From: Ivan Herman <ivan@w3.org>
Date: Wed, 3 Aug 2011 07:25:52 +0200
To: Gregg Kellogg <gregg@kellogg-assoc.com>
Cc: W3C RDFWA WG <public-rdfa-wg@w3.org>
Message-Id: <28D9DA87-B58C-46D0-A51D-03A88B2BDB17@w3.org>
On Aug 3, 2011, at 03:09 , Gregg Kellogg wrote:

> On Aug 2, 2011, at 6:48 AM, "Ivan Herman" <ivan@w3.org> wrote:
> 
>> Wow:-) Many things have happened while I was on vacations...
>> 
>> This mail is set of slightly random thoughts on the profile discussion. Instead of answering each individual mails, I would rather gather my thoughts at one place; it may also help in triggering new discussions. I am sorry it is fairly long... Bear with me!
>> 
>> ...
>> 
>> 4. The RDFa-Sem alternative _is_ interesting. What Niklas is saying (if my understanding is correct) is that a URI used for a @vocab _may_ be a reference to an RDFS vocabulary; so an RDFa processor may pick up all the RDFS vocabularies in the file, merge all these graphs, and do an RDFS reasoning on the merged graph. Just follow the RDFS semantics' document! In this sense, the usage of map:ProxyProperty is actually superfluous: by virtue of the RDFS semantics subPropertyOf, for example, should suffice. There are some details to handle (which version of the RDFS reasoning would one use), but that can be done.
> 
> Nilklas and I had in mind to create a member submission on this topic, given the time to do so.
> 
> One difference between general RDFS reasoning, and proxy reasoning, is the potentially open-ended nature of general RDFS reasoning. That is, inference steps may need to be repeated until no further triples are generated.

I would not call this 'open ended', but yes, that is the idea.
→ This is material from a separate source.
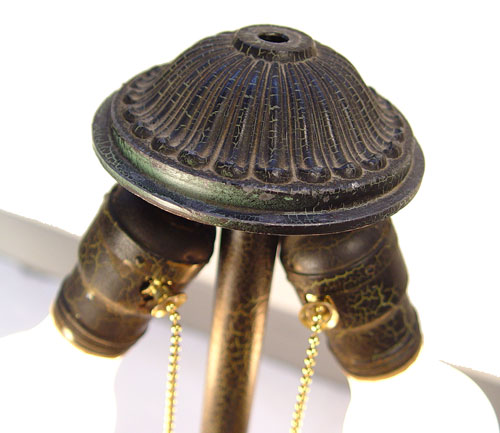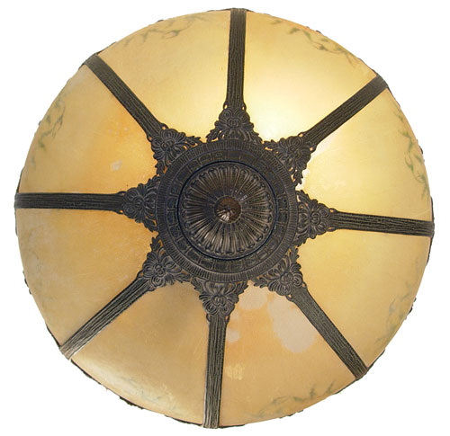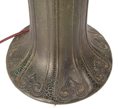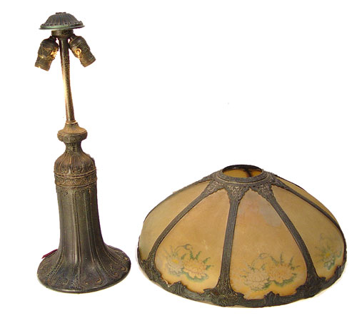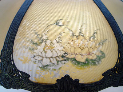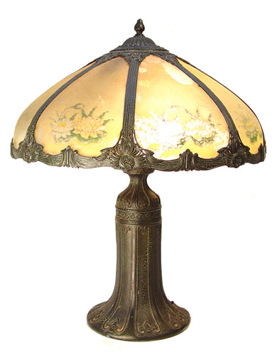 VINTAGE REVERSE PAINTED TABLE LAMP: 8 panel ribbed glass shade painted in flowers. Original alligator finish on metal base and shade. Please note the paint is flaking on the shade. Lamp is 24''h. shade is 19'' dia.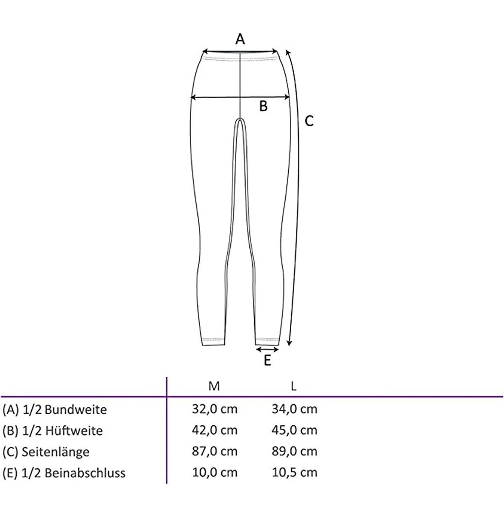 Aufgrund des hohen Baumwollanteils ist die Legging hautfreundlich, atmungsaktiv und pflegeleicht. Der Hüftgürtel ist mit bequemem Gummi ausgestattet und die Innenbehandlung ist glatt

And some measures should be taken to avoid infinity, due to, eg, the rdf:_i type properties. (One simple measure in our case would be not to include axiomatic triples in the first place!). But it is al doable and it does stay finite.

>  The proxy mechanism should be defined in terms of SPARQL updates that only need to be executed once per rule. Also, I'm not clear on how range inference might set the datatype of a literal without generating a new triple.
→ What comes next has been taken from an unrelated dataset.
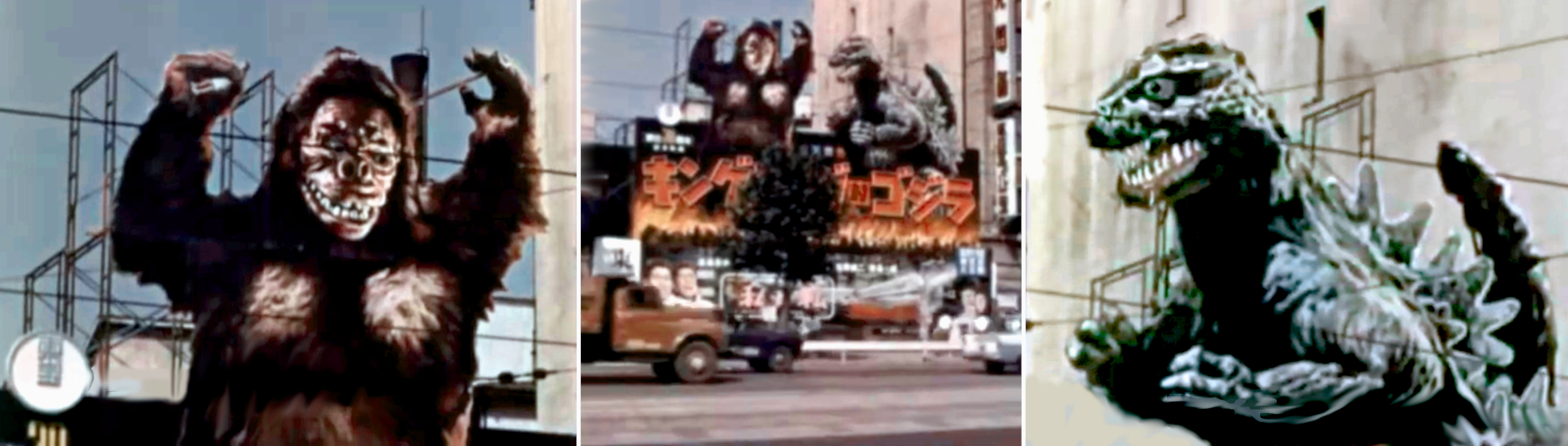 The TV series for the documentary is called At Home Abroad. It was produced by Bing Crosby and hosted by Jack Douglas, who narrates a tour of Japanese movie and TV studios, and lets us ‘meet’ actor Tatsuo Saito and singer Inoue Nobuo. Of big appeal are giant marquee exhibits touting both Japanese and U.S. films; we also see footage of a rehearsal for an action film scene.

Well, we are getting into details here, but I would not want this group to start some sort of a different 'semantics' as an alternative. It would then become an issue how this relates to the general RDF Semantics... I do not think we should go there.

> 
>> Note that Niklas had a very reduced RDFS handling in mind, essentially exploiting subPropertyOf and subClassOf only. But why stopping there, why not exploiting, for example, range and domain statements? (Ok, I may ask too much here:-)
> 
> owl:sameAs, equivalentProperty, ... might be more appropriate. But, in general, I think this is correct, as long as it is in a fixed number of processing steps.

Again, my approach would be to stay as close as possible to the RDF Semantics document and not try to invent some sort of an 'own' inference mechanism. That is why we have other people working on standards (and some aspects of the RDF Semantics will be refreshed by the RDF WG anyway).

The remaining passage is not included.